All of lore.kernel.org
 help / color / mirror / Atom feed
* [PATCH v4] unpack-trees: avoid duplicate ODB lookups during checkout
@ 2017-04-14 19:25 git
  2017-04-14 19:25 ` git
  0 siblings, 1 reply; 4+ messages in thread
From: git @ 2017-04-14 19:25 UTC (permalink / raw)
  To: git; +Cc: gitster, peff, Jeff Hostetler

From: Jeff Hostetler <jeffhost@microsoft.com>

Version 4 cleans up the buf[] allocation and freeing as
suggested on the mailing list.

Jeff Hostetler (1):
  unpack-trees: avoid duplicate ODB lookups during checkout

 unpack-trees.c | 38 +++++++++++++++++++++++++++++++++-----
 1 file changed, 33 insertions(+), 5 deletions(-)

-- 
2.9.3


^ permalink raw reply	[flat|nested] 4+ messages in thread

* [PATCH v4] unpack-trees: avoid duplicate ODB lookups during checkout
  2017-04-14 19:25 [PATCH v4] unpack-trees: avoid duplicate ODB lookups during checkout git
@ 2017-04-14 19:25 ` git
  2017-04-14 19:52   ` Jeff King
  0 siblings, 1 reply; 4+ messages in thread
From: git @ 2017-04-14 19:25 UTC (permalink / raw)
  To: git; +Cc: gitster, peff, Jeff Hostetler

From: Jeff Hostetler <jeffhost@microsoft.com>

Teach traverse_trees_recursive() to not do redundant ODB
lookups when both directories refer to the same OID.

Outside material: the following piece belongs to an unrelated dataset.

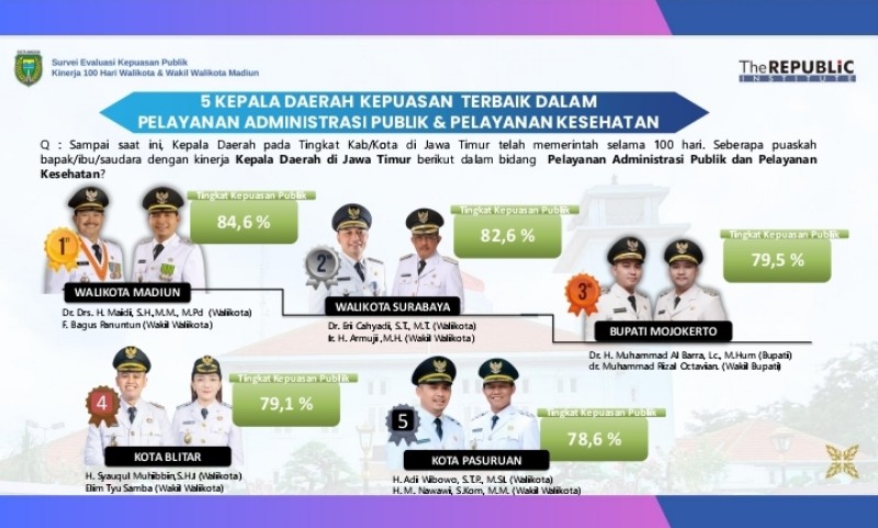 JATIMPOS.CO/KOTA MADIUN – Dalam sebuah survei terbaru yang dirilis oleh The Republik Institute, kinerja Wali Kota Madiun dan Wakil Wali Kota Madiun dalam 100 hari pertama masa jabatan mereka dinyatakan sebagai yang terbaik di antara seluruh kepala daerah di Jawa Timur. Survei ini menunjukkan tingginya tingkat kepuasan masyarakat terhadap program-program strategis dan pelayanan publik yang telah dijalankan sejak awal kepemimpinan mereka.

In operations such as read-tree and checkout, there will
likely be many peer directories that have the same OID when
the differences between the commits are relatively small.
In these cases we can avoid hitting the ODB multiple times
for the same OID.

This patch handles n=2 and n=3 cases and simply copies the
data rather than repeating the fill_tree_descriptor().

================
On the Windows repo (500K trees, 3.1M files, 450MB index),
this reduced the overall time by 0.75 seconds when cycling
between 2 commits with a single file difference.

(avg) before: 22.699
(avg) after:  21.955
===============

================
On Linux using p0006-read-tree-checkout.sh with linux.git:

Test                                                          HEAD^              HEAD
-------------------------------------------------------------------------------------------------------
0006.2: read-tree br_base br_ballast (57994)                  0.24(0.20+0.03)    0.24(0.22+0.01) +0.0%
0006.3: switch between br_base br_ballast (57994)             10.58(6.23+2.86)   10.67(5.94+2.87) +0.9%
0006.4: switch between br_ballast br_ballast_plus_1 (57994)   0.60(0.44+0.17)    0.57(0.44+0.14) -5.0%
0006.5: switch between aliases (57994)                        0.59(0.48+0.13)    0.57(0.44+0.15) -3.4%
================

Signed-off-by: Jeff Hostetler <jeffhost@microsoft.com>
---
 unpack-trees.c | 38 +++++++++++++++++++++++++++++++++-----
 1 file changed, 33 insertions(+), 5 deletions(-)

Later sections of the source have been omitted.